I discussed how bottlenose dolphins scan the environment to make a decision and thus which performance strategies they adopted to solve the discrimination task. I also compared the performance in an identical echolocation task for porpoises (Wisniewska et al. 2012).
- One of the dolphins used the same strategy in all sessions, showing a curving approach for the decision-making. This could be explained by some strategy adopted by other cetaceans swimming in circles to surround schools of fish or prey (Benoit-Bird, et al. 2009). This happened with one of the porpoises in Wisniewska et al. (2012) which frequently made curving approaches to the targets, covering larger distances and contributing to the longer trial durations.
- In the case of the harbor porpoises, they made mistakes in 1.5–4% of trials with the PVC comparison target, 3–5% of trials with the brass target and 5–43% of trials with the steel target (Wisniewska et al. 2012). Thus, their errors percentages are lower than for both dolphins, and for all types of material. The better performance by the porpoises could be explained by them having been trained in many previous echolocation tasks, whereas the dolphins used here had never been trained in such contexts.
- The difficulty for both animals increased when discriminating the steel and aluminum spheres, for which the echoes had similar spectra due to the smaller impedance differences between these materials (Au, 1993).
- The aluminum sphere (the standard one), gives a rather even temporal signature, whilst the plastic gives a more complicated echo and lot of notches in the spectrum. This supplies many spectral and temporal cues for the animals to distinguish between them.
- Our dolphins combined buzzes with horizontal (Schevill and Lawrence, 1956) and rotational head movements. These movements became pronounced when the dolphin was within the last meters from the target.

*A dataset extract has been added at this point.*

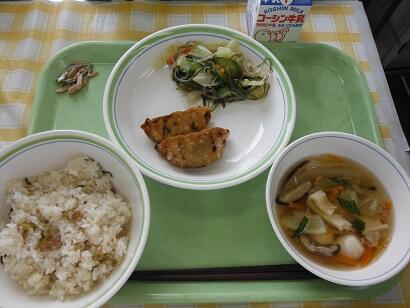 牛乳・野沢菜チャーハン・揚げぎょうざ・すき昆布サラダ・春雨スープ・アーモンド小魚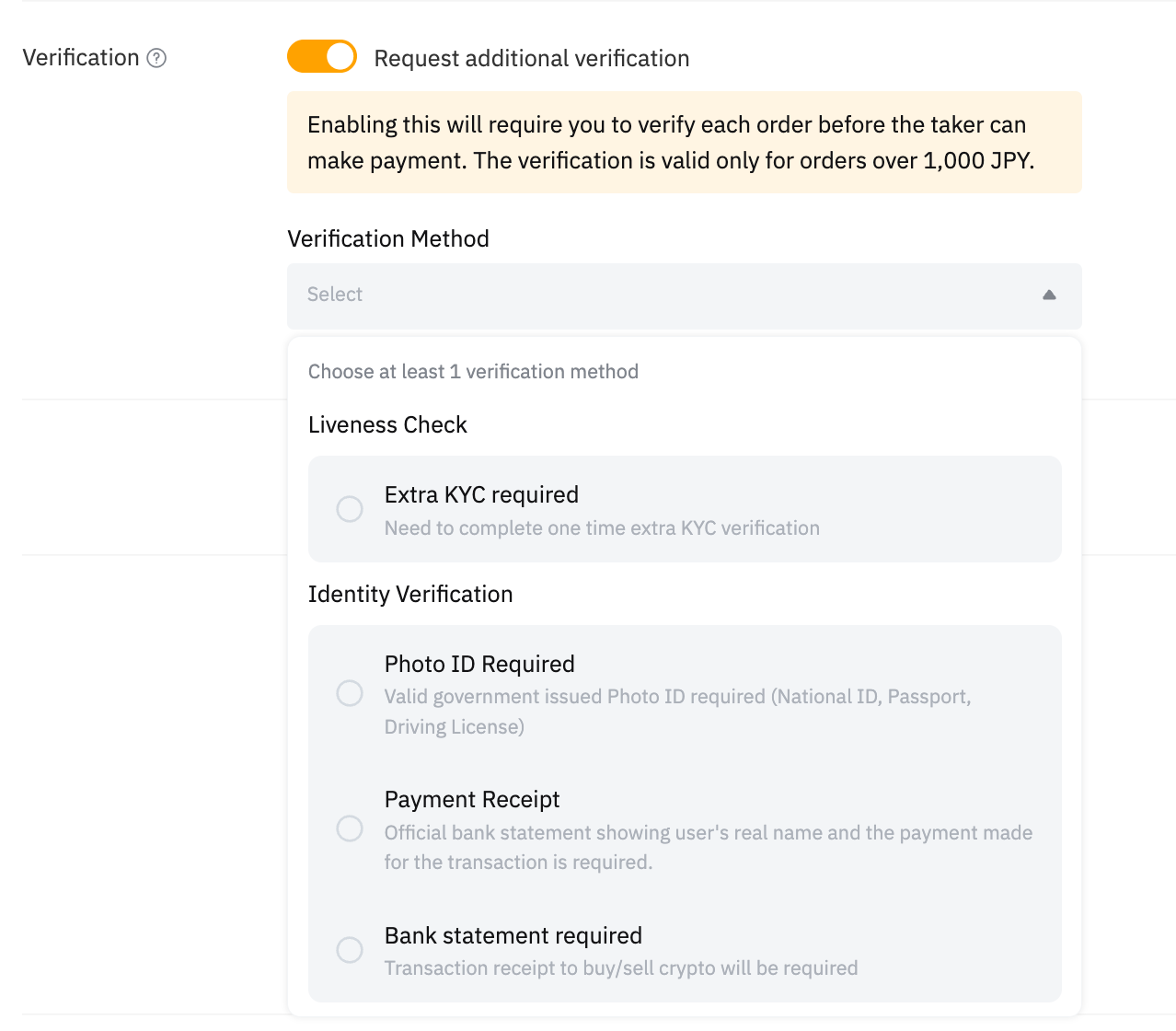 Cuando el Anunciante Verificado (VA) y el Anunciante en Bloque (BA) habilitan el Requisito de Verificación, los takers deben completar la verificación con los anunciantes cuando la orden supere el umbral especificado de moneda fiduciaria. Ambas partes tienen derecho a decidir si proceder con la transacción durante el período de verificación dentro del plazo. Los anunciantes pueden solicitar la siguiente prueba al taker en el cuadro de chat de la orden:

- An average of eight scans (i.e. four scans per target) was made during one trial for the porpoises (Wisniewska et al. 2012). This is twice as many scans made by the dolphins, which on average have four scans per trial.
CONCLUSIONS
I observed clear differences between individuals of the same species in terms of ability to discriminate and use echolocation, but similar interspecies performance in relation to the materials chosen with the difficulty of the task
Surprisingly dolphins performed poorer than harbour porpoises. It is not known if this is because the dolphins had no history of echolocation training like the porpoises did, or if porpoise sonar is better than assumed.